The E.U.’s antitrust regulator could soon be looking at probing another transaction between Hong Kong port operator CK Hutchison and Mediterranean Shipping Company (MSC).
According to a report from Reuters, the European Commission is prepping to investigate a deal in which MSC and consortium partner BlackRock were set to take over 50 percent of Hutchison’s terminal at the Port of Barcelona.
Previous reports since early 2024 have tied MSC with the acquisition of half of Barcelona Europe South Terminal (BEST), with the Swiss container shipping giant expected to pay between 250 million euros and 350 million euros ($290 million and $406 million) for its half of the gateway. But details including BlackRock’s potential role in that deal have not been disclosed.
The deal is separate from BlackRock and MSC’s bid for most of CK Hutchison’s global port operations, according to the ocean carrier. That $22.8 billion acquisition would see 43 ports switch hands, including two in Panama that have put the deal under significant international scrutiny. A probe by China’s antitrust regulator and internal investigations by the Panamanian government have largely held up the transaction.
Like the larger ports deal, MSC would be buying the portion of the Spanish terminal via its own terminal operator subsidiary, Terminal Investment Limited (TIL). TIL already operates a terminal at Spain’s Port of Valencia.
In early November, MSC and Hutchison filed for the E.U.’s approval of the plan to jointly control the terminal. The Port of Barcelona’s board of directors voted in June to authorize the transfer.
The European Commission has set a Dec. 10 deadline to decide whether it should approve the deal, the report said. According to the Reuters report, the commission is expected to open a full-scale investigation after the deadline.
Such a probe could see regulators demand concessions from either MSC or BlackRock in return for clearance. TIL’s operation of MSC Terminal Valencia could potentially influence the commission’s competition analysis.

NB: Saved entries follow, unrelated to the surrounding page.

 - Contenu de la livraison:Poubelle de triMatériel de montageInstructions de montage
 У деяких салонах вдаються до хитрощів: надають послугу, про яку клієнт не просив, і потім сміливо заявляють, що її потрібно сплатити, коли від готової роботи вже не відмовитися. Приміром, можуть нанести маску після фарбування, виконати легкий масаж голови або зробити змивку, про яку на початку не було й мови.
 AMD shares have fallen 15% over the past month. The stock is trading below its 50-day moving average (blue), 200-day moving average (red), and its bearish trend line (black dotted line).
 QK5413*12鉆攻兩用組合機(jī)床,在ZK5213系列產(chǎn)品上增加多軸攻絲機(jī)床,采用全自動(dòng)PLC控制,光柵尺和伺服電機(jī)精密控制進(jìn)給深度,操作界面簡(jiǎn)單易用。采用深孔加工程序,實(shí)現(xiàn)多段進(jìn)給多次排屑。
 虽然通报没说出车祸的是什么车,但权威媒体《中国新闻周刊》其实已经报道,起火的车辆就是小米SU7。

Full-scale E.U. investigations typically last for four months or longer, with potential concessions including divestments to address the competition concerns. Non-E.U. assets would lie outside the commission’s jurisdiction.
For CK Hutchison, BlackRock and MSC, all parties are currently embroiled in plenty of other drama surrounding the two ports based on each side of the Panama Canal. Hutchison conceded in August that any deal transferring ownership of the Cristóbal and Balboa ports would not close by the end of 2025. Alongside needing approval from the Panamanian government, the port transaction would require regulatory go-aheads from the U.S., China, the U.K. and the E.U.

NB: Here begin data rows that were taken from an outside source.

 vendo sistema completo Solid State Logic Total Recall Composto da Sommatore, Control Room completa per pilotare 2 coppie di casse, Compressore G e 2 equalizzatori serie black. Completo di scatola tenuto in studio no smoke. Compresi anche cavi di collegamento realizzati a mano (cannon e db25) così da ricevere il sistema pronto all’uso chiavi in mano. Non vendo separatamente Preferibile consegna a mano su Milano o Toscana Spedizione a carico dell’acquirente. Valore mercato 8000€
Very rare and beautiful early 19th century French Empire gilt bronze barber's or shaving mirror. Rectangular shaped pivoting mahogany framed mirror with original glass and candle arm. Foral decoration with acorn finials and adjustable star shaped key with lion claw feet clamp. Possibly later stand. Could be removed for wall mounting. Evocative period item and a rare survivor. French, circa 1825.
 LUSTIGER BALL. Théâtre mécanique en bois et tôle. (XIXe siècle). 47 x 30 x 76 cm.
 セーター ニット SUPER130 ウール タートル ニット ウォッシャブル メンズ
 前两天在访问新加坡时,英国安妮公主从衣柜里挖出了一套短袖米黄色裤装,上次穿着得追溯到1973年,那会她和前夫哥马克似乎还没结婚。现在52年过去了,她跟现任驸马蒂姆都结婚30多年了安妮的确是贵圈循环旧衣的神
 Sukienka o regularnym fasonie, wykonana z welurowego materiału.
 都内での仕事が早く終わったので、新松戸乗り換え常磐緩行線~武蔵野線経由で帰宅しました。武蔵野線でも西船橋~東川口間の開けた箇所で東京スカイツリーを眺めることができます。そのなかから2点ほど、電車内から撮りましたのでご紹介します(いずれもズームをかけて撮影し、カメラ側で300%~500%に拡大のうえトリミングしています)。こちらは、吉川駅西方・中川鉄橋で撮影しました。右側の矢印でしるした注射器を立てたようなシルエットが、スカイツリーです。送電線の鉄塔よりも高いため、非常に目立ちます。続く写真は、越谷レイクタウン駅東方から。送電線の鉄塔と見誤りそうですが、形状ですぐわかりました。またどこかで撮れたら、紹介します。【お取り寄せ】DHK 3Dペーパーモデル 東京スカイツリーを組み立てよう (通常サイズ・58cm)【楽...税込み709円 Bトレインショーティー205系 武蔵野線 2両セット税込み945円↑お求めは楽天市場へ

When news of the Panama ports deal was unveiled in March, Drewry indicated that such a transaction was likely to draw scrutiny from competition authorities, noting in a webinar that the risk of excess market concentration was highest in Spain, the Netherlands and Panama.

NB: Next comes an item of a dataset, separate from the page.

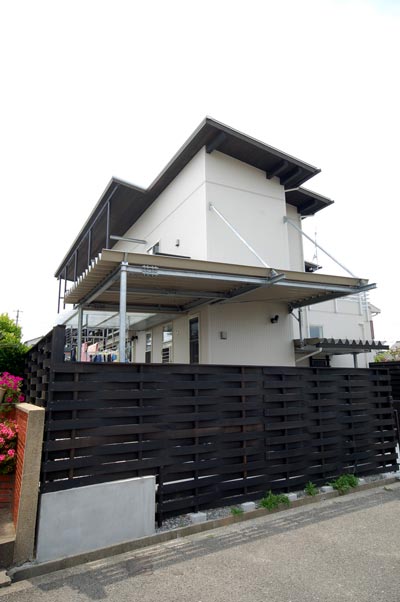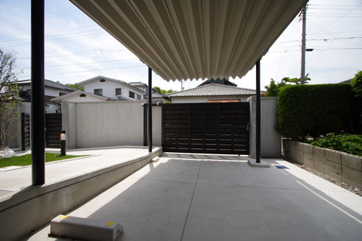 裏手のガレージは吊構造で柱を無くし駐車し易くしています。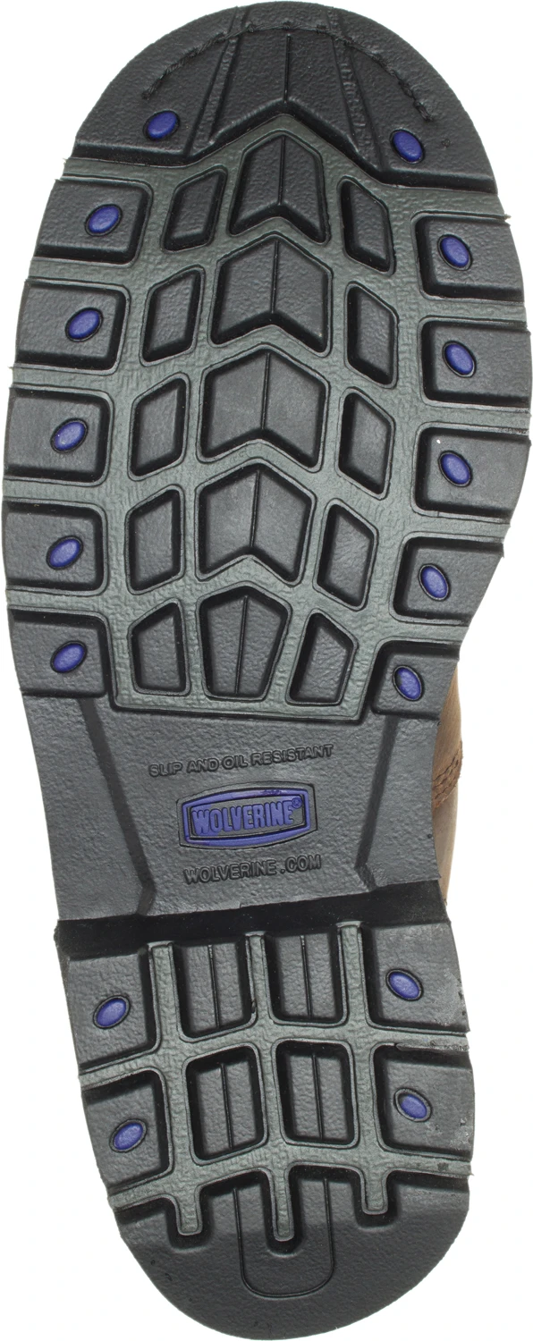 Full grain leather upper. Waterproof CK mesh lining. Removable full cushion footbed. Wolverine slip resistant PU/rubber outsole. Goodyear welt construction. Waterproof. Steel toe. EH. Internal met guard.ASTM F2413-18 M/ I/ C EH Mt compliant.

In Europe alone, TIL has ownership stakes in terminals across major ports including Antwerp in Belgium, Le Havre in France, and Germany’s Hamburg and Bremerhaven. Hutchinson is the majority stakeholder in ECT Rotterdam, the largest terminal operator at Europe’s biggest container port.
According to Drewry, the approval of the often-politicized 43-port transaction would give MSC a more than 15 percent market share of global terminal capacity.
Barcelona terminal in expansion mode
The Barcelona terminal is currently undergoing expansion, having increased yard storage capacity by 25 percent this year with the addition of seven new semi-automated container blocks. That investment cost a reported 150 million euros ($174 million).
In total, BEST now operates 34 blocks across the terminal. Each block has an annual storage capacity of approximately 100,000 20-foot equivalent units (TEUs).
BEST is also incorporating two new dockside ship-to-shore cranes from China’s ZPMC within the terminal’s infrastructure during the first half of 2026. Those cranes will have a height of 55 meters—10 meters taller than its current batch of cranes. The cranes are designed to service vessels with a beam that spans 26 containers at once.
The terminal handled 2.7 million containers last year. With the new blocks, BEST can handle 3.4 million TEUs.
According to Spain-based logistics publication El Mercantil, MSC already occupies 60 percent of the facility’s capacity.
Additionally, the terminal has an eight-track rail facility—making it the E.U.’s largest rail terminal on the Mediterranean Sea—that connects the port with traffic to and from southern Europe.